#### INFORMATION

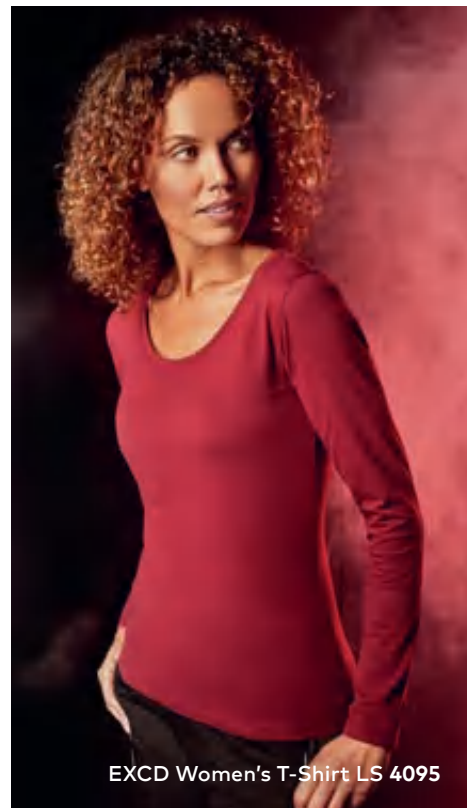
EXCD Women's T-Shirt LS 4095

Langarm-Workwear-Single-Jersey-Mischgewebe-T-Shirt mit femininem Ausschnitt bei Women und Elasthananteil im schmalen Ribbündchen, Schlaufen in der Seitennaht innen, hergestellt aus langstapeliger Baumwolle und Polyester mit der VORTEX® Spinning Technology. Die extrem glatte Oberfläche ist pillingresistent und hervorragend geeignet für jegliche Art der Veredelung. Verstärkte Schulter- und Doppelnähte sowie ein Nackenband vervollständigen dieses Produkt. EXCD überzeugt durch überdurchschnittlich langlebige Qualität, minimale Einlaufwerte und ist besonders pflegeleicht. Das EXCD Langarm-T-Shirt hat eine optimale Passform, und ist mit Seitennähten gefertigt. Dank des hohen Baumwollanteils bietet es maximalen Tragekomfort, für Industriewäsche geeignet, getestet nach ISO 15797.
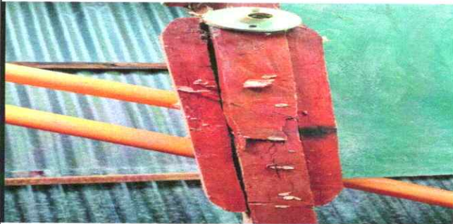
foto3: Tendales añadidas y apolilladas
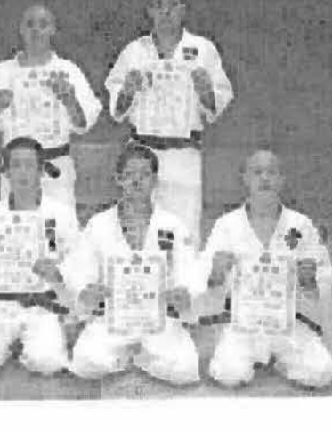
男女個人各階級のインターハイ出場決定者
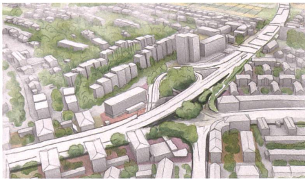
Der Freudenbergplatz soll vom Restraum unter dem Autobahnanschluss ...
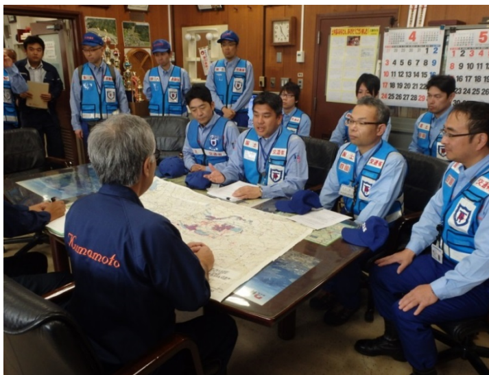
調査内容を熊本県へ説明
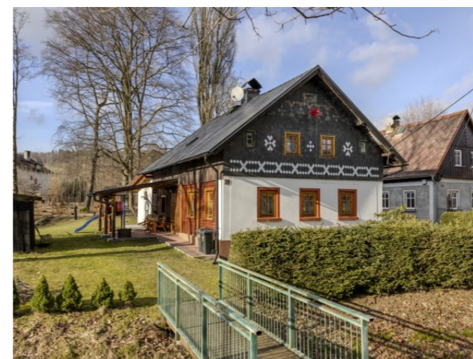
Brtníky č. p. 19 - Pohled na objekt z jihu
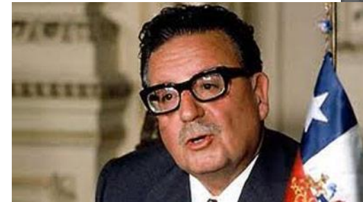
С.Альенде, президент Чилі 1970 - 1973рр.
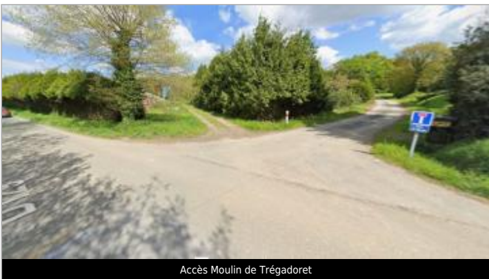
Accès Moulin de Trégadoret

GÉOLOCALISATION Coordonnées WGS84 : X: -2.36240316 / Y: 47.99432700 Coordonnées RGF93 (Lambert 93) X: 300338.73 / Y: 6779569.17 Coordonnées RGF93 (ETRS89) : X: -2.3624032 / Y: 47.994327 Code Hydro: J83-0310 Rive de référence: Non renseigné
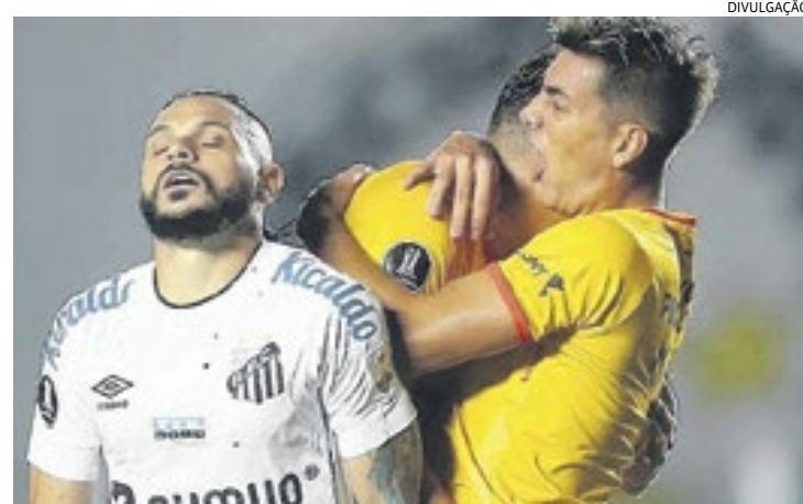
O lateral Pará foi um dos destaques negativos do Santos na partida
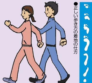
かかとから着地し、つま先で着く。この間は約1秒。(1分間に約70m)
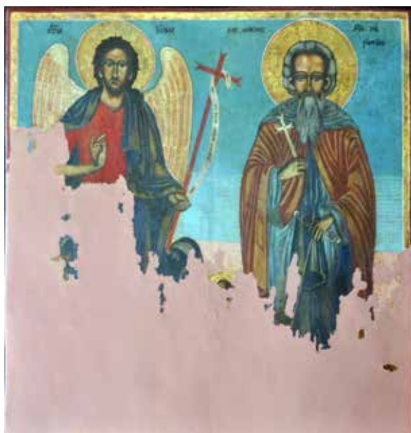
Сл. 20 Јован Крститељ са Св. Романом након третмана (тек. конс. бр. 13141)
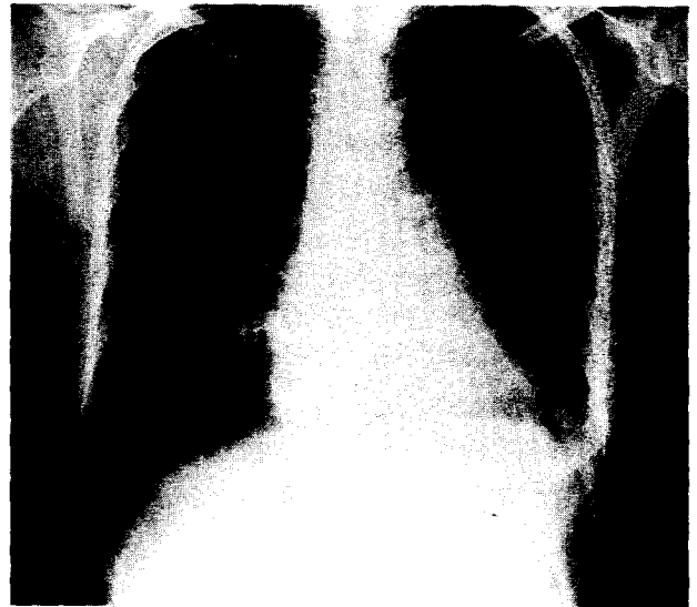
Fig. 4. Postoperative Chest PA at POD # 21st. day.

제거할때 살피본 바 출혈은 woozing 이었고 heparin 사용을 중단한 후에 멈추었다. 중환자실에서 상처를 봉합할 때 종격동 조직 및 혈액의 균 배양 검사를 시행하였는데 결과는 모두 음성이었다. 그 후 환자는 아무런 문제점 없이 계속적인 회복을 보여 수술 후 4일째 오전에 기도 삽관을 제거하고 오후에 대동맥내 풍선 펌프를 제거하였으며 수술 후 6일째 모든 강심제 사용을 중단하였고 7일째에 일반병실로 옮겼다. 항응고제 투여량을 조절한 후, 수술 후 21일째 퇴원하였다. 심장의 기능도 뚜렷한 향상을 보여, 수술 후 5일째 심초음파상 심박출 계수가 21%였으나(Fig. 2) 6일째에는 29%로 증가하였고 13일째는 45%, 퇴원 당일 시행한 검사에서는
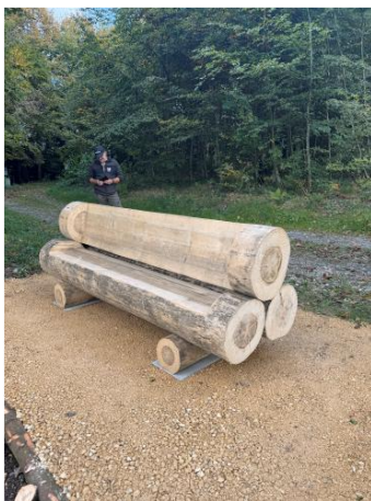
Bank im Chüerain

Bei den sieben Grillplätzen und den zwei Waldsofas ist der Baumbestand auf Stabilität, Krankheiten und herunterfallende Äste kontrolliert worden.
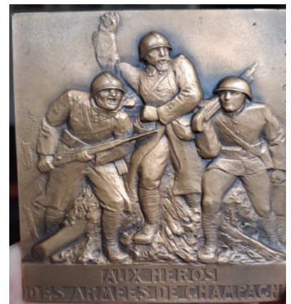
Edition 1924 de la plaque au format 60x70cm

Le prix de vente de cette plaque sera de 50 euros + frais de port.
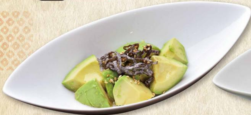
やみつきアボカド No.276 440円(税込484円)
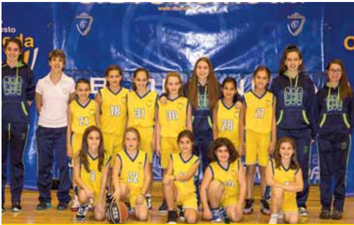
PRE MINI FEMENINO
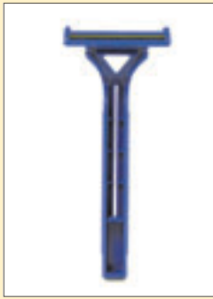
Partakoneen teriä 4 kpl 38 mk

Suoraan markkoiksi muutettuina monien tuotteiden ja palveluiden hinnat näyttävät hurjilta. Alla satunnaisia poimintoja kaupungilta:
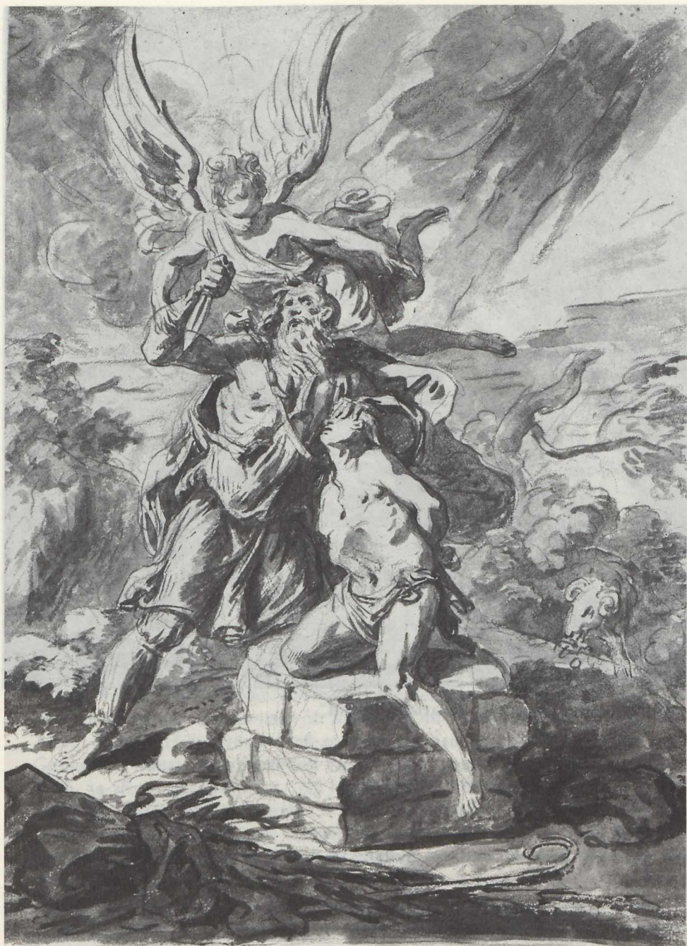
Abb. 6: Heinrich Popp, "Isaaks Opferung".
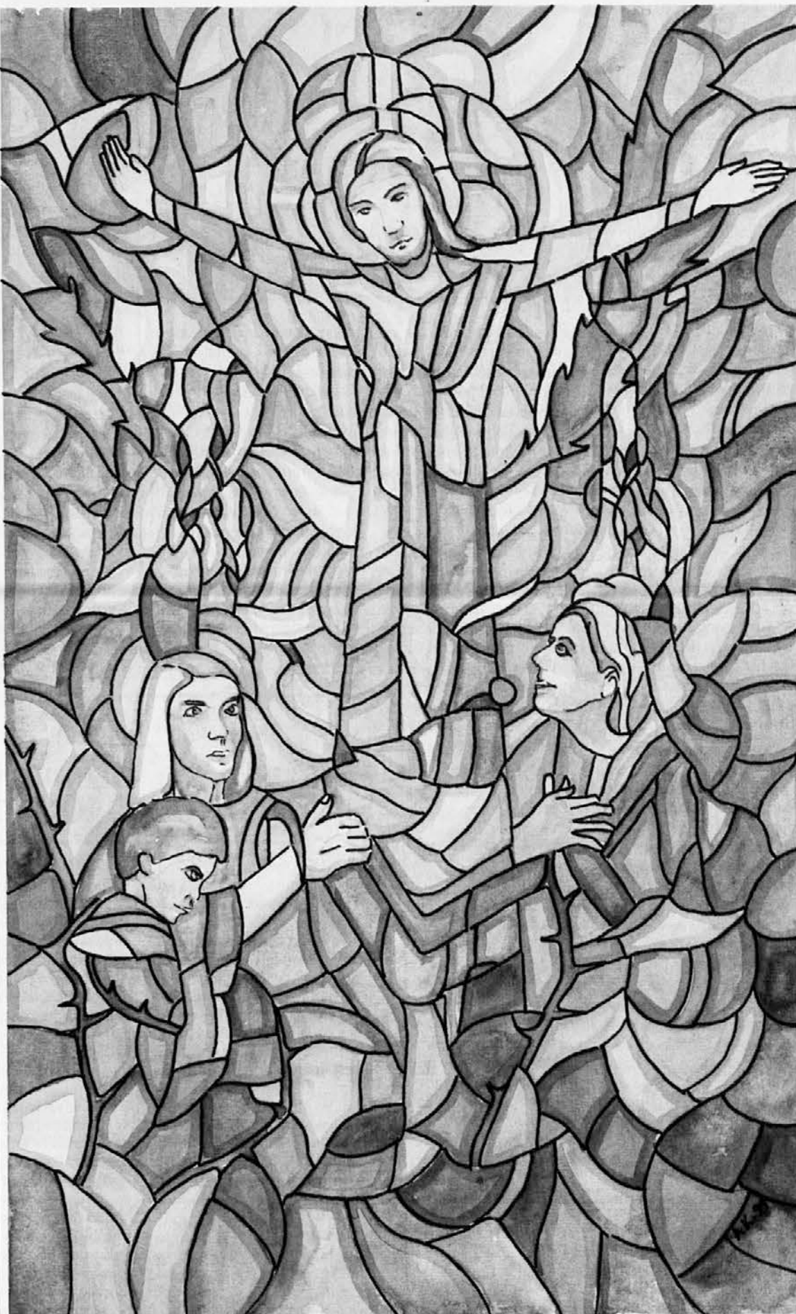
Andrej Kosič, Vstajenje, 1999, osnutek za vitraj
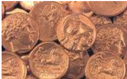
Χρυσοί στατήρες του Φιλίππου και του Αλεξάνδρου. (Αθήνα, Νομισματικό Μουσείο.)

Την παράδοση των προκατόχων του να προσκαλούν στην αυλή τους ποιητές, στοχαστές και καλλιτέχνες τη συνέχισε και ο Φίλιππος, ο οποίος έδειχνε ιδιαίτερη αδυναμία στο θέατρο.
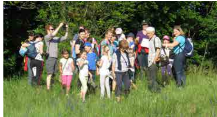
Malo drugačen dan šole v Stopercah
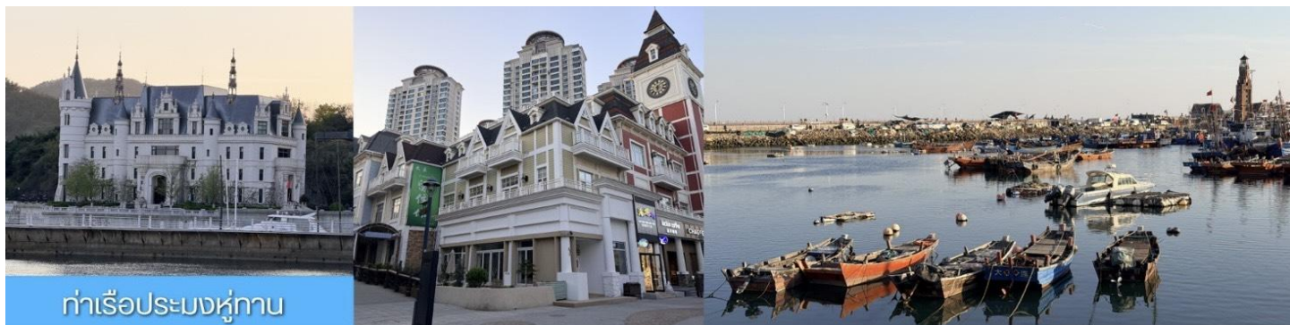
ท่าเรือประมงหมู่ทาน

หลังอาหารเช้า นำท่าน ทิวชม ท่าเรือประมงหมู่ทาน 大连渔人码头 เป็นจุดเช็คอินที่โดดเด่นด้วยสถาปัตยกรรมสไตล์ยุโรปสีสันสดใส ผสมผสานกลิ่นอายเมืองท่าดั้งเดิมเข้ากับบรรยากาศสุด โรแมนติกที่เต็มไปด้วยเรือประมง คาเฟ่ ร้านอาหาร และจุดชมวิวยุริยเมฆ
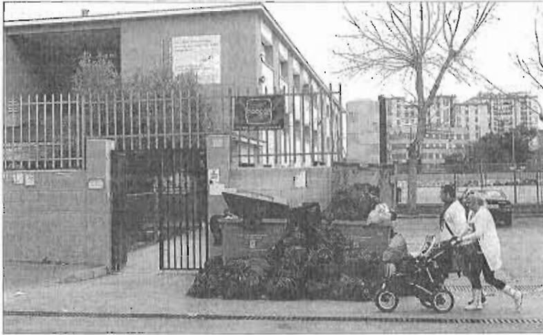
Basura acumulada delante de la puerta de un colegio en la pasada huelga de marzo.

de las dos partes, la idea no es presentar ninguna plataforma sobre la que discutir, sino que empresa y comité estarían por dar categoría de convenio a los acuerdos alcanzados en marzo de este año y que permitieron desconvocar la huelga. A ellos habría que añadirle el resto de los artículos del convenio vigente sobre los que no hay discrepancias.
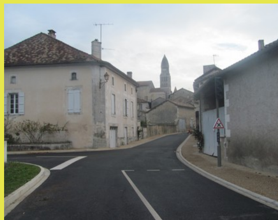
La même photo au début du 20ème siècle, en 2011 et fin 2015

D'autres aménagements du bourg sont en projets (carrefours en direction du Puy de Beaumont et du Prieur). Et pour éviter des imprécisions quotidiennes (pour le courrier comme pour les services d'urgence), des noms de rues seront également donnés
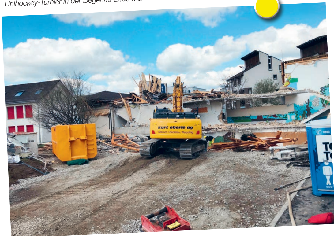
Rückbau Schwarzenbach; Stand 14. April 2021
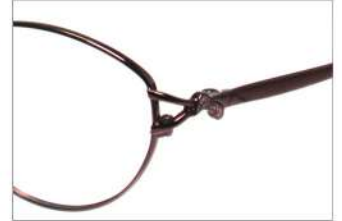
No.5 F: ワイン T: ワインマット(印刷)
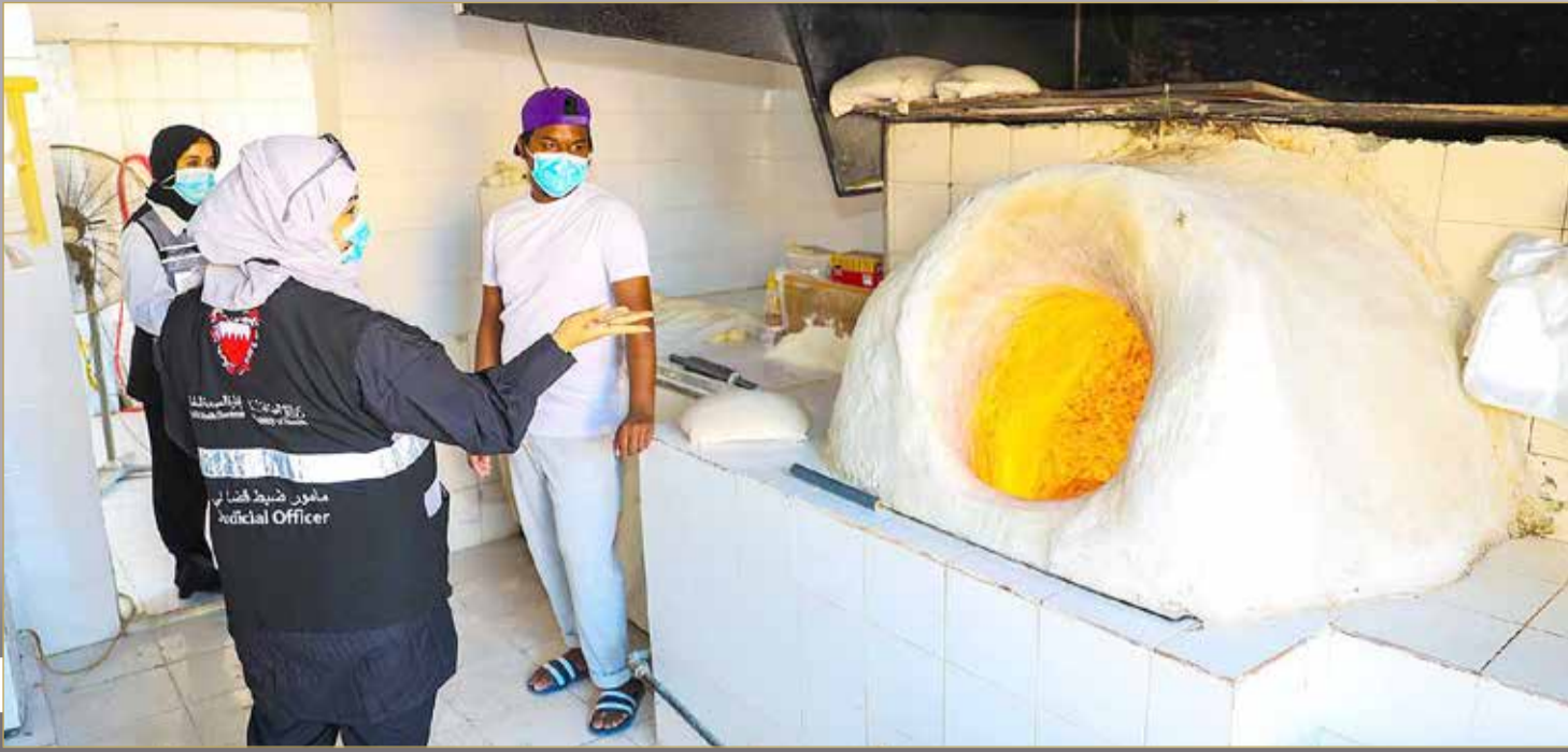
التأكد من التنور وسلامة عجينة الخبز
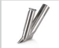
Speed welding nozzle * Ø: 3 mm 4 mm 5 mm Art. No.: 106.989 106.990 106.991

########

• **YOUR GOAL**:
Wherever the string "huelga" is found in the entries, copy the line it sits in.

• **RESPONSE**:
Basura acumulada delante de la puerta de un colegio en la pasada huelga de marzo.
de las dos partes, la idea no es presentar ninguna plataforma sobre la que discutir, sino que empresa y comité estarían por dar categoría de convenio a los acuerdos alcanzados en marzo de este año y que permitieron desconvocar la huelga. A ellos habría que añadirle el resto de los artículos del convenio vigente sobre los que no hay discrepancias.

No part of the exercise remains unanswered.